--- MATERIAL FOR THIS EXERCISE Enclosed Below ---
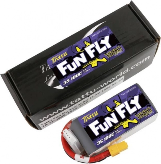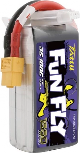 Tattu Fun Fly is een betrouwbare accu bedoeld voor op afstand bestuurde drones. Hij heeft een capaciteit van 1550mAh en levert stabiele prestaties met een stroombelasting van 100C, wat zorgt voor een soepele en langdurige vluchtstabilisatie. Deze accu is eenvoudig te integreren dankzij de universele XT60-connector.
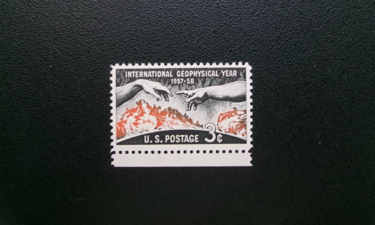 アメリカ合衆国1958年発行 アダムの創造(ミケランジェロ)など国際地球観測年切手 1種完 NH 凹版印刷 未使用美品です。
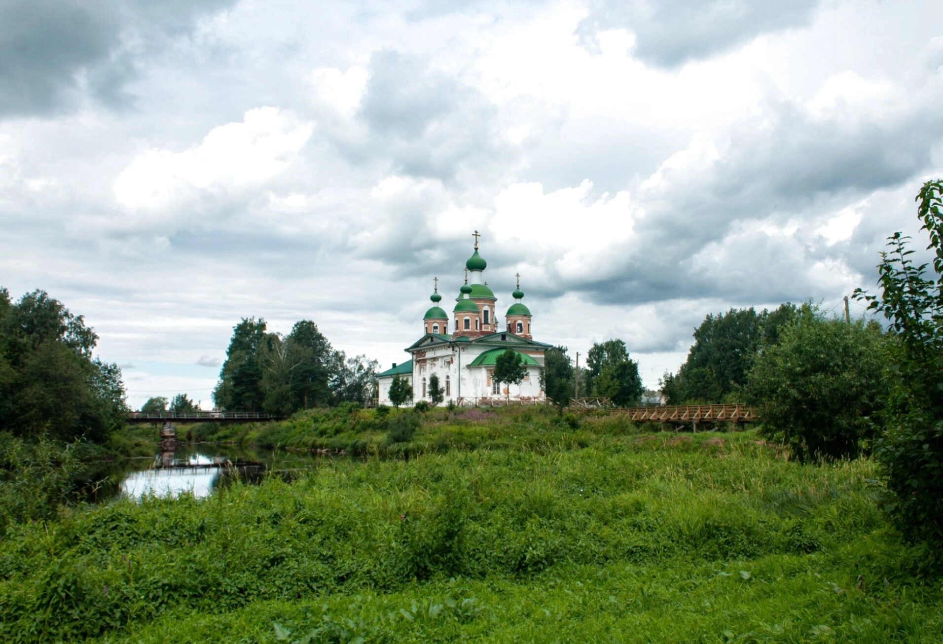Белоснежные стены собора, символизирующие чистоту и святость, гармонично сочетаются с ярко-зелёными куполами, увенчанными златоглавыми крестами, устремлёнными в небо. Пышная зелёная растительность, окружающая церковь, и спокойные воды реки создают ощущение мира, покоя и единения с природой. Небесная гладь с облаками добавляет величия всему образу.
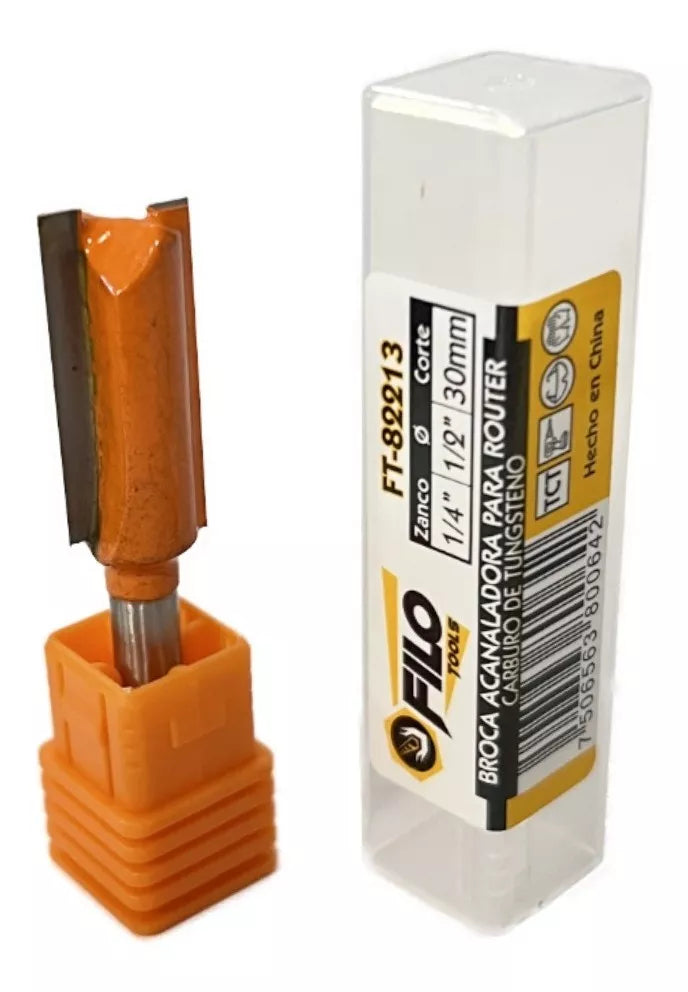- 1 Broca Acanaladora Router Diámetro 1/2" Zanco 1/4" Corte 30 mm.
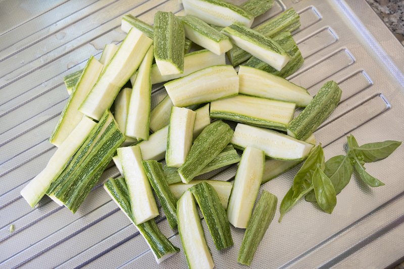 Umyj słoiki sodą oczyszczoną i dobrze wypłucz pod bieżącą wodą. Umytą młodą cukinię pokrój w plastry o długości około 8 cm.
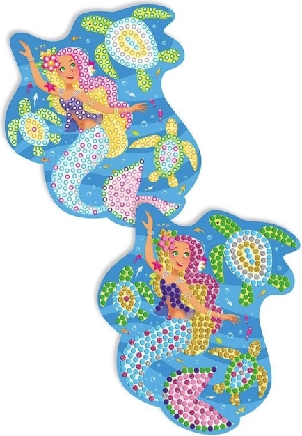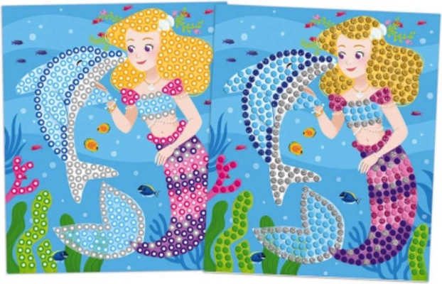 Kreativt sæt til børn fra 5 år, som udvikler finmotorik og fantasi. Indeholder 5 smukke billeder af havfruer og delfiner samt 10 ark glitrende og farvede klistermærker til mosaikskabelse. Nem at klistre, farverige motiver og langvarig underholdning hjemme og på farten.
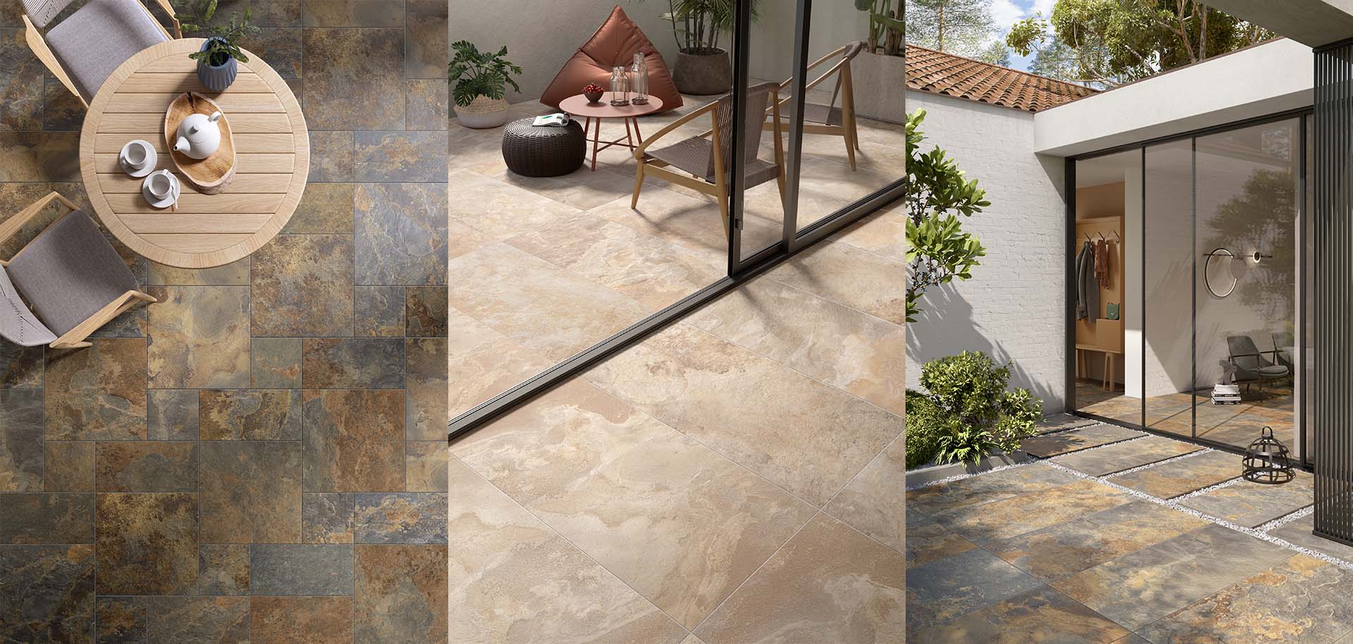 Le collezioni outdoor di Elios Ceramica sono disponibili in diversi formati e in superfici strutturate antiscivolo R11, conformi agli standard di sicurezza per ambienti esterni e piscine.
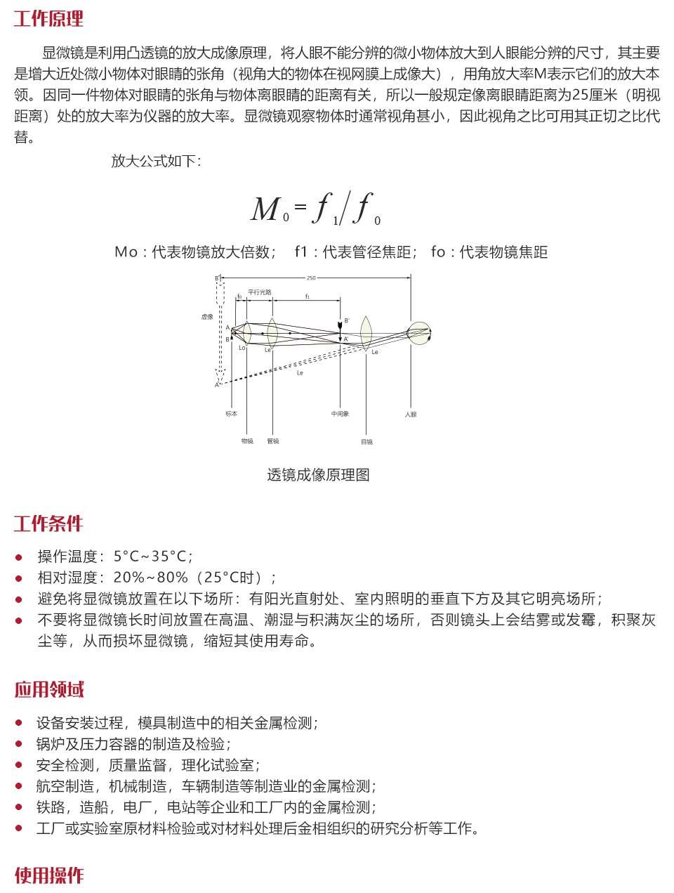 工作原理顯微鏡是利用凸透鏡的放大成像原理,將人眼不能分辨的微小物體放大到人眼能分辨的尺寸,其主要是增大近處微小物體對眼睛的張角(視角大的物體在視網(wǎng)膜上成像大),用角放大率M表示它們的放大本領。因同一件物體對眼睛的張角與物體離眼睛的距離有關,所以一般規(guī)定像離眼睛距離為25厘米(明視距離)處的放大率為儀器的放大率。顯微鏡觀察物體時通常視角甚小,因此視角之比可用其正切之比代替。
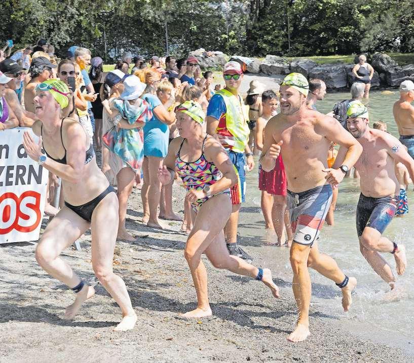 Am Schluss der Seeüberquerung galt es mit «schweren Beinen» noch ein paar Meter ins Ziel zu rennen Bild:AndréasHärry
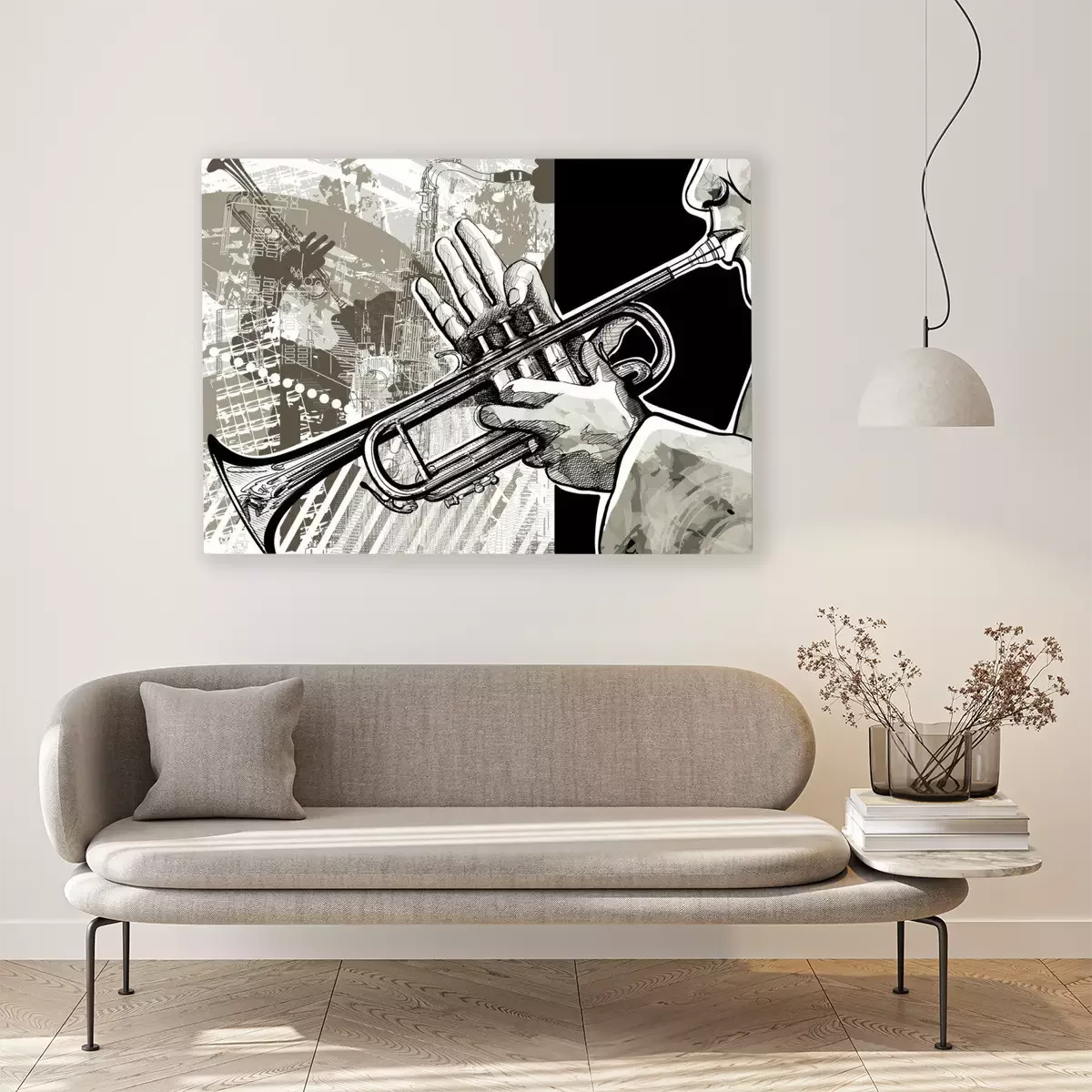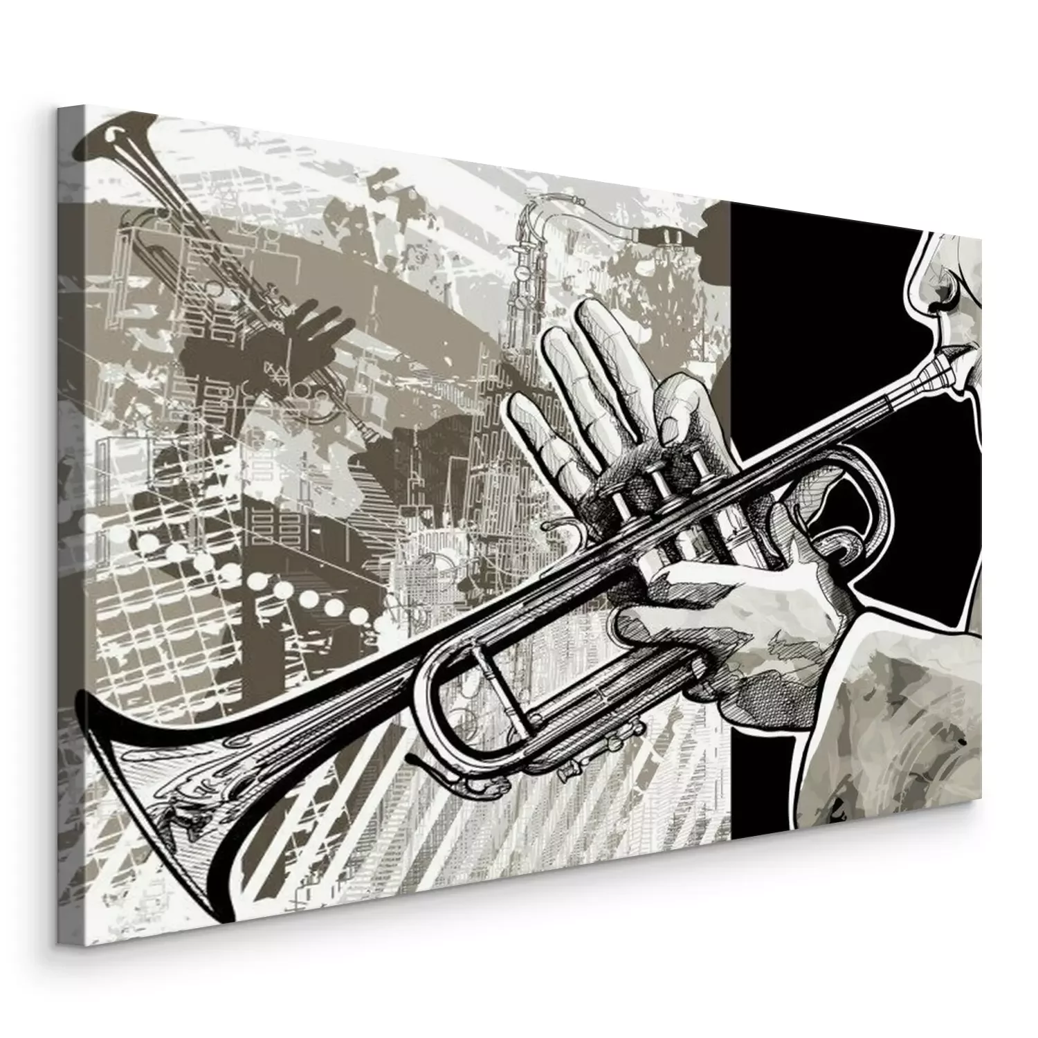 Des musiciens de jazz sur la ligne d'horizon de la ville
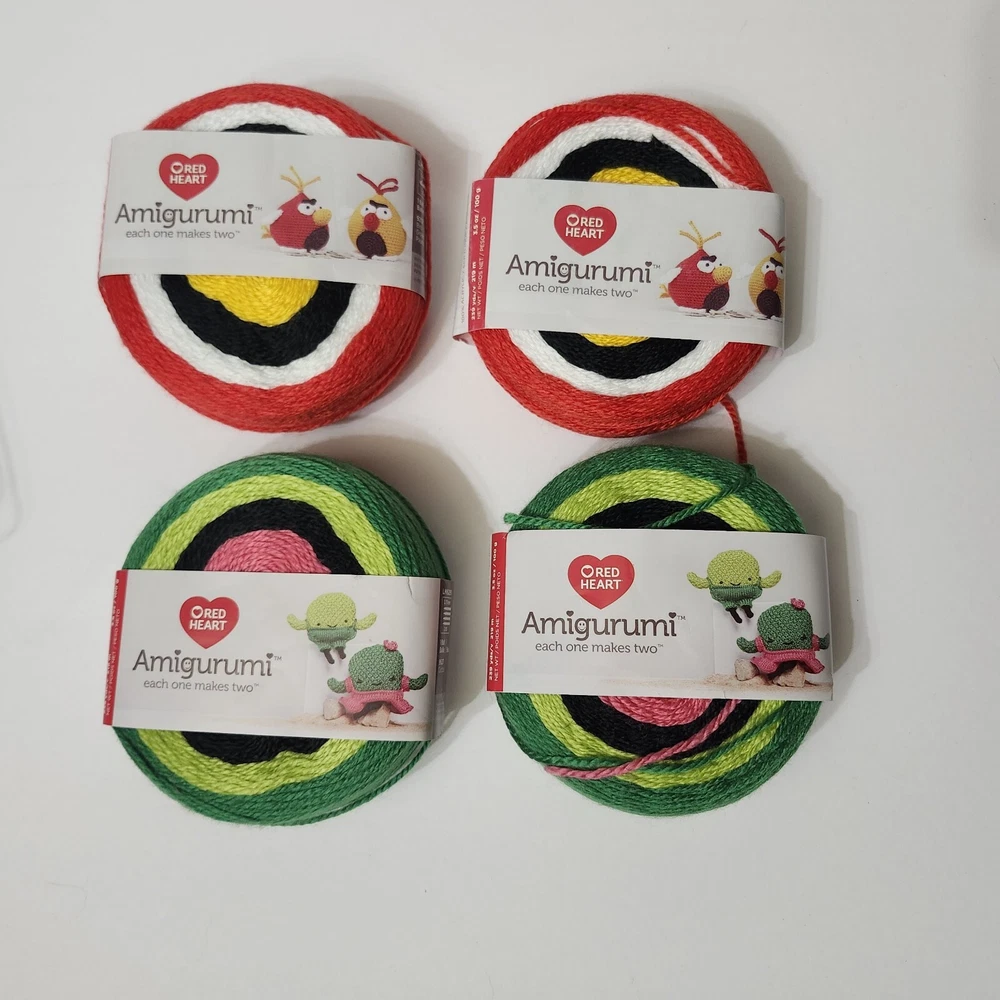 RED HEART Amigurumi Super Fine Yarn Cactus Bird Lot Of 4
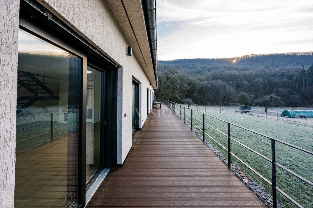 Terasa je provedena z WPC terasových prken a doplněna o ocelové žárově zinkované zábradlí s kamenným gabionem z nedalekého lomu, což vytváří příjemné místo pro relaxaci a posezení s rodinou či přáteli. Celková plocha pozemku poskytuje dostatek prostoru pro zahradu, odpočinek i další využití dle vlastních představ.
--- End of Enclosed MATERIAL FOR THIS EXERCISE ---
■ **WORK REQUIRED**: Take the material above and output only the lines from the one that contains "アメリカ合衆国1958年発行" through the one that contains "Umyj słoiki sodą", ends included and images left out.

■ **FINISHED TASK**:
 アメリカ合衆国1958年発行 アダムの創造(ミケランジェロ)など国際地球観測年切手 1種完 NH 凹版印刷 未使用美品です。
Белоснежные стены собора, символизирующие чистоту и святость, гармонично сочетаются с ярко-зелёными куполами, увенчанными златоглавыми крестами, устремлёнными в небо. Пышная зелёная растительность, окружающая церковь, и спокойные воды реки создают ощущение мира, покоя и единения с природой. Небесная гладь с облаками добавляет величия всему образу.
- 1 Broca Acanaladora Router Diámetro 1/2" Zanco 1/4" Corte 30 mm.
 Umyj słoiki sodą oczyszczoną i dobrze wypłucz pod bieżącą wodą. Umytą młodą cukinię pokrój w plastry o długości około 8 cm.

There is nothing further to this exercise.